This is short dialog, where Ralf explained me (or rather confirmed and clarified my understanding of) how Linux page tables are structured. I slightly edited it to remove unrelated remarks by other channel members. This discussion took place on Nov 08, 2002 and pertains to Linux 2.5.46 specifically, though applies to 2.4 series, as well as most likely many future versions. You can find detailed unalysis of Linux page tables as of version 2.4 in Alessandro Rubbini's book Linux Device Drivers. It is great book, and has lots of intersting details, at least enough for those who want to write device drivers. However, not quite enough for thos who are looking for bugs in Linux mm.
* Bacchus thinks iluxa will still need to learn alot about mm :)
<iluxa> Defintely :)
<Bacchus> iluxa: I'm splitting pgtable.h in 2.4 also, just like in 2.5.
<iluxa> And how was it split in 2.5?
<Bacchus> The cache stuff went to <asm/cacheflush.h>
<iluxa> ic
<iluxa> Bacchus: what does 'pfn' stand for?
<Bacchus> page frame number.
<iluxa> And what is 'frame' in this context?
<Bacchus> Good question, next question :)
<iluxa> Can you explain page tables structure in popular way? :)
<Bacchus> Basically it's just the page number.
<Bacchus> 3 level tree.
<iluxa> Well, that I know :)
<iluxa> OK, let me try to express my understanding of it, and then you correct me
<iluxa> There is pgd (page global directory?) that is just an array of pointers to arrays of pmd's (page middle dirrectory?) that hold pointers to arrays of pte's
<iluxa> Am I completely off track, or am I close to truth?

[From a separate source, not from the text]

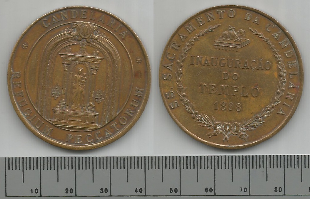 | 73816 | Medalha, 1898, Candelária - Inauguração do Templo, Bronze, Ø 41 mm, gravador Girardet, MBC/S | 150,00 | Foto |
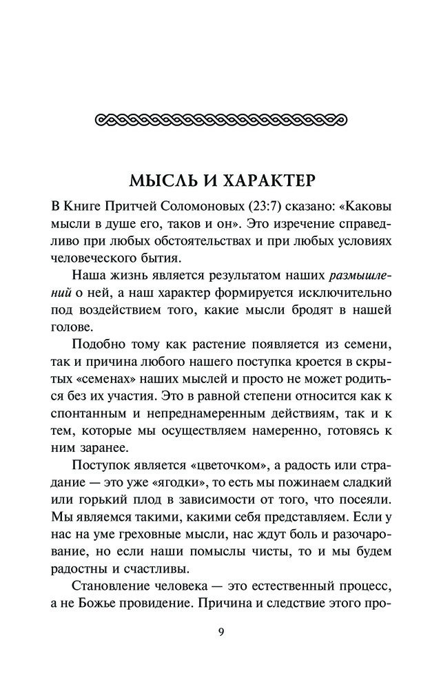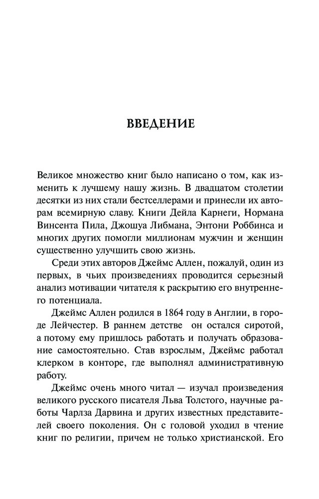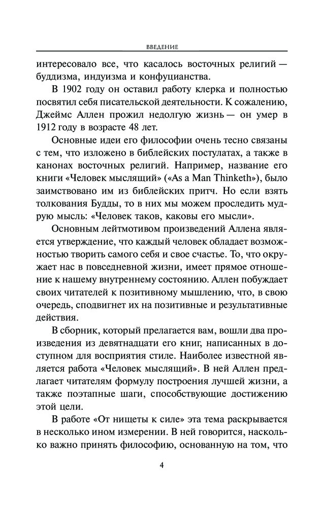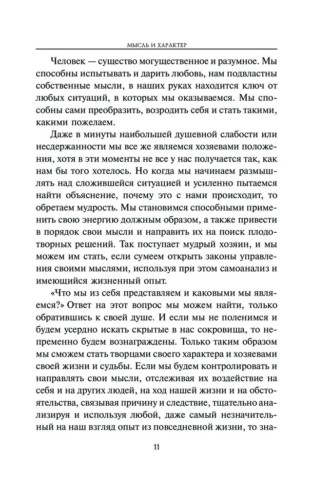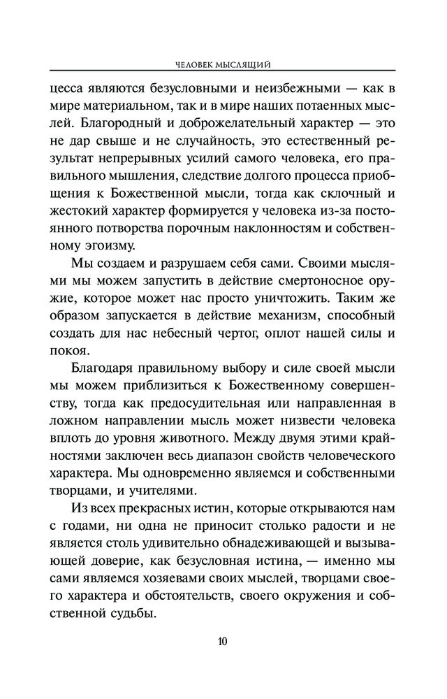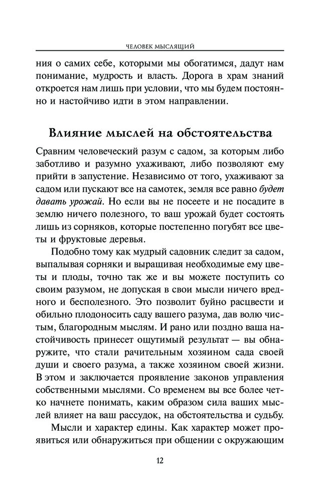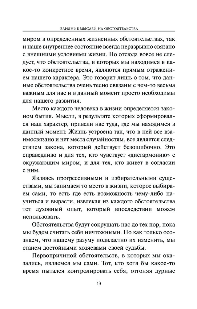 В целом книга хорошая, но дочитала только до середины. Понравилось, все что в нашей жизни происходит, обусловлены внутренним состоянием души, а не внешними факторами. Обстоятельства будут влиять на нас ровно настолько, насколько мы им это позволим. Вы позволяете себе зависеть от обстоятельств, поскольку у вас нет правильного представления о природе силы, которой обладают наши мысли. Приведите свои мысли в порядок!

<Bacchus> Perfectly right.
<iluxa> OK, then only questionis what is used for index in each of these arrays
<Bacchus> It's actually simpler on 64-bit than on 32-bit.
<Bacchus> The virtual address.
<Bacchus> The lowest PAGE_SHIFT bits will not be translated through the page table.
<iluxa> you mean some part of virtaddress>>PAGE_SHIFT?
<Bacchus> No.
<iluxa> like top x bits for pgd, next y bits for pmd, then finally last z bits for pte?
<iluxa> no?
<Bacchus> Ah, yes.
<Bacchus> But vritaddress>>page_shift is a bit too trivial :)
<iluxa> Yeah, I understand that part
<Bacchus> That would be the index for a one level page table or so.
<iluxa> And way to large table too :)
<Bacchus> Yep :)
* iluxa is amazed by the fact he understood it all correctly
<iluxa> Then only question remaining is where does struct page come into play, and whether pfn's have something to do with it
<iluxa> What I mean, is how do we locate struct page*, when given pte?
<Bacchus> Not at all.
<iluxa> Bacchus: does any given struct page always correspond to page in physical memory (or at least physical address), or could it be holding information on, let's say, swapped out page
<Bacchus> BS...
<Bacchus> I was thinking of something else.
<Bacchus> Basically what you do it:
<Bacchus> mem_map + (physical_address >> PAGE_OFFSET)
<wli> ow!!
<wli> pfn_to_page(physical_address >> PAGE_SHIFT) please =)
<Bacchus> ;)
<iluxa> What is intended difference between pmd_page and pmd_page_kernel?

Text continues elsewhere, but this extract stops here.